その後、本件各処分(本件懲戒処分、本件配置転換命令)が違法であることを理由として、改めて損害賠償を請求する訴えを提起したのが本件です。
裁判所は、次のとおり述べて、原告の請求を400万円の限度で認めました(請求額1300万円)。
(裁判所の判断)
・本件各処分によって、原告は法律上保護された利益に対する侵害を受けたといえるかについて
「認定事実・・・のとおり、原告は本件懲戒処分及び配置転換処分後、従前有していた医師としての職務に関連した資格の更新がされていないところ、被告は、これらを事実上の利益に対する侵害に過ぎないと主張する。」
「原告が主張する前記各損害は懲戒処分によって被処分者に生じたものであるところ、懲戒処分や、配置転換処分がなされれば、その被処分者の従前有していた資格やキャリアに重大な影響を及ぼすことは明らかである。原告は病院長として勤務しながらも毎週診療を行ったり、若手の麻酔科医に指導したりするなどして臨床医としての地位を確保していたと認められるのであり、看護専門学校の校長に専念させる本件配置転換処分はこれらの機会を奪うものである。」
「原告はこのように臨床等も通じて麻酔科医としての専門性等を追求し、キャリア形成を行っていたのであって、原告のこれらの資格等は当然に法律上保護されるべきである。」
「したがって、前記のとおり本件懲戒処分及び本件配置転換処分によりこれらの利益が侵害されたと認められる。」
「また、原告の経歴等に照らせば、原告が市立病院を退職後に一般病院の病院長になるなど、臨床経験を踏まえたキャリアアップが容易に想定でき、法的保護に値する期待権が認められる。そして、本件各処分によりこの期待権が侵害されたことが認められる。」
「そして、被告の主張・立証をもってしても、上記の認定・説示を覆すには足りない。」
・aないしdの各損害につき予見可能性があったか)について
「認定事実・・・によれば、原告を市立病院の院長に採用するに当たって、山梨大学からの推薦状に原告の履歴書が添付され、これには麻酔科専門医の資格やペインクリニック学会認定医などが記載されているところ、懲戒処分等によってこれらの資格やキャリアアップへの影響があることにつき予見可能性があったことは明らかである」
「そして、認定事実・・・のように、その資格やキャリアアップへの期待権は、原告が長い期間をかけて積み重ねてきた努力や実力の結果であると認められるところ、市長による、原告を市立病院から排除するとの不当な目的での違法な本件配置転換処分等によって、臨床医としてのキャリアを妨げられたのであるから、その精神的苦痛は重大なものである」
「したがって、これらの原告の精神的苦痛を慰謝するための慰謝料は400万円を下らない。」
3.キャリア形成への期待に手厚い判断が示された
以上のとおり、裁判所は、キャリア形成やキャリアアップへの期待権を法的保護に値する利益として認めるとともに、権利侵害に対して400万円と非常に高額な慰謝料を認定しました。従来、違法な配転命令に対する慰謝料は高くても100万円程度とされていたため(第二東京弁護士会労働問題検討委員会『労働事件ハンドブック』〔労働開発研究会、2023年改訂版、令6〕250頁掲載の裁判例参照)、画期的な判断だといえます。

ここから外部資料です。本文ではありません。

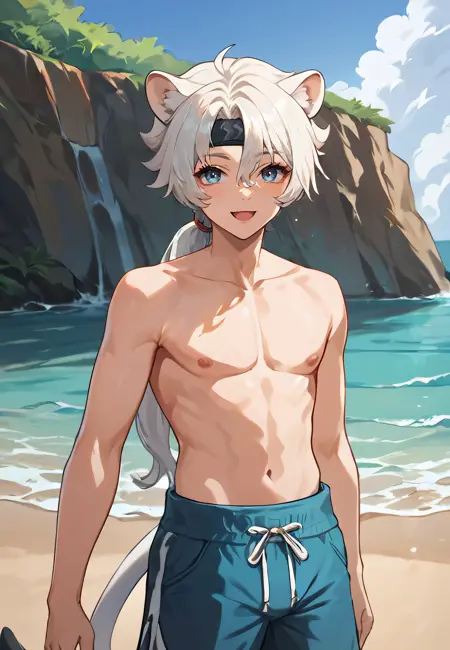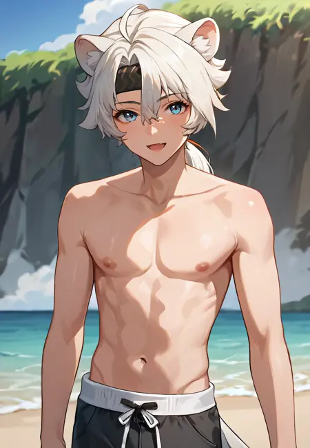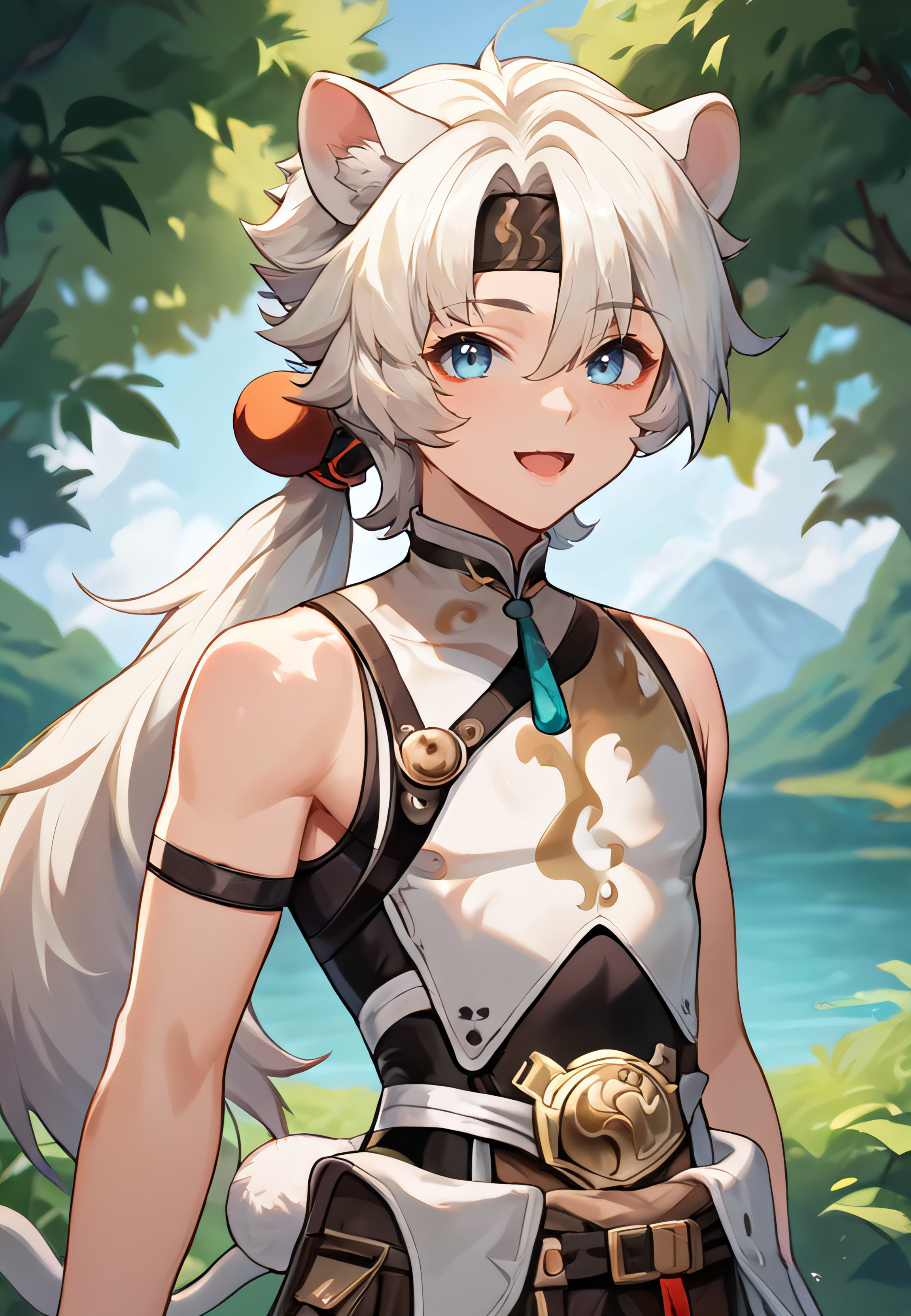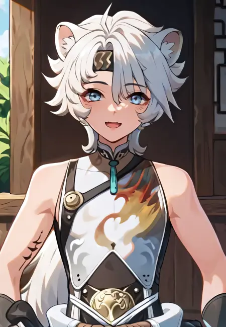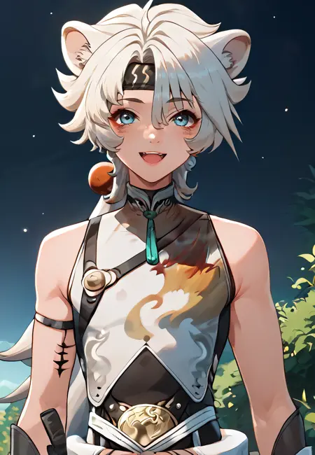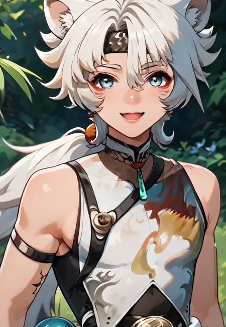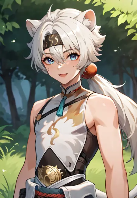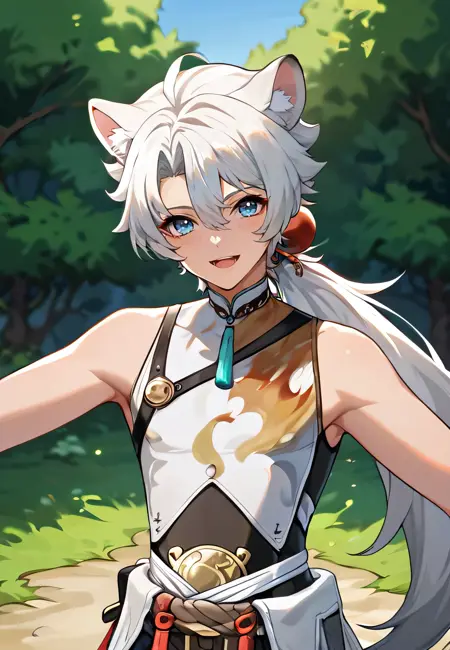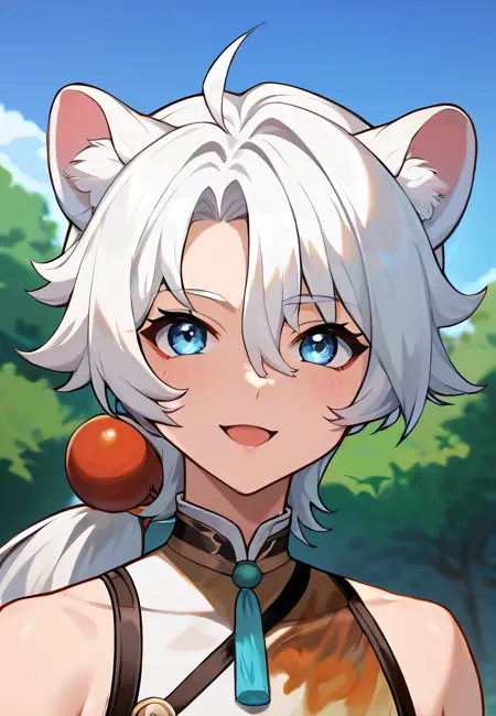触发词 + 外观: lingyang, 白发, 白发, 面部标记, 动物耳朵, 尾巴, 蓝色眼睛(非必要,无需尝试查看)

これほど高額な慰謝料が認定された背景には、本件各処分を機に医師としての職務に関連した資格(ペインクリニックの認定専門医、麻酔指導医など)の更新がなくなったことが挙げられます。医師のような高度専門職を対象とした判断であること、資格の喪失という強度の不利益が生じていることなどの特殊性は踏まえておく必要がありますが、違法な配転に対して高額の慰謝料が認定された事案として、本裁判例は実務上参考になります。